Nov 23, 2010 08:35:00 AMEditedOct 30, 2014 02:28:22 PMbyJacqueline P
Actually, none of the existing tests were created by oDesk contractors. All (except the ORT) are 100% the responsibility of ExpertRatings (our testing vendor).
Creating tests for various training and online ed programs is fairly common type of job.
Mar 6, 2014 12:14:00 PMEditedOct 30, 2014 05:48:36 PMbyAndrea W
Those tests are a joke suited only for those who work as software technicians. So many questions completely irrelevant to common tasks. For example, one of the photoshop tests pertains exclusively to photographers when most people use it for a lot of other things unrelated to photography.
Nov 24, 2010 11:43:00 PMEditedOct 30, 2014 02:28:24 PMbyLorraine A
I've done all the ones I want my contractors to have so I know how much to trust them.
They suck and are of poor level. In most cases, if I wanted to google the answers I could. There's enough time.
Getting a contractor to do a few tests is a great deterrent to a fraudster because they take time & it scares them as they don't know what to expect. One guy, *removed by admin*, applied for a Joomla experts contract with me. Little did he know I am a Joomla expert and just wanted someone to take the overflow. By the end of discussions I found out that he was a student living in Bangladesh and needed pocket money. He knew nothing about Joomla other than it was a popular job and he only could paste info I gave him which in the process of pasting to him I could paste myself.

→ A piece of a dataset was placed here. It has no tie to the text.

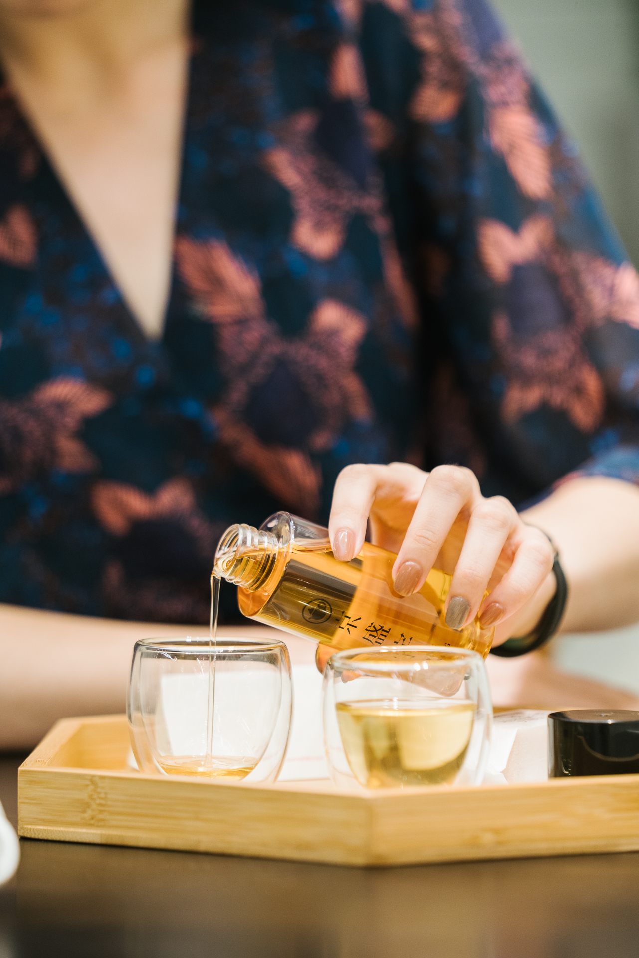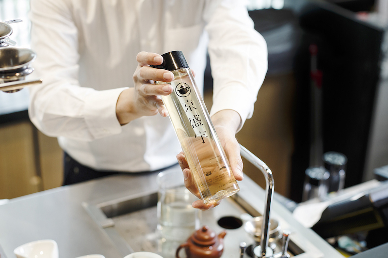 由於茶都是現泡,所以會需要等3至5分鐘。如果選擇坐在茶吧台的座位區,可以看到茶藝師用小小的個人紫砂壺,現場手沖,將熱茶倒入可以承受高溫變化的燒杯,彷彿透過一場實驗,一泡一泡呈現出台灣茶的好。

You can see how long they take to do the test. If it's basic English spelling and you know you did it in 5 minutes, what the hell are they doing for 18 minutes? Smoking, having a coffee or googling the answer. Seriously!
If they don't want to do the test why should you hire them?
Just some thoughts...
Apr 10, 2011 11:04:17 PMEditedOct 30, 2014 02:28:27 PMbyMohammad H
Lorraine A. wrote:
"You can see how long they take to do the test. If it's basic English spelling and you know you did it in 5 minutes, what the hell are they doing for 18 minutes? Smoking, having a coffee or googling the answer. Seriously!"
Maybe it's because they're just waiting for the questions to appear on the screen.
I think it's always good to keep in mind that the internet connection speed varies widely among us. Here's an example:
Two days ago an employer asked me to download a training video, which he said it's download in about 3 minutes. When I open the link, I see it's a 97 Mb video. Knowing my modem, I download it at an internet shop which have connection speed far more faster than my own modem. I download it in 60+ minutes. And I didn't accuse the employer cheated me because he said it's a 3 minutes download. Lol.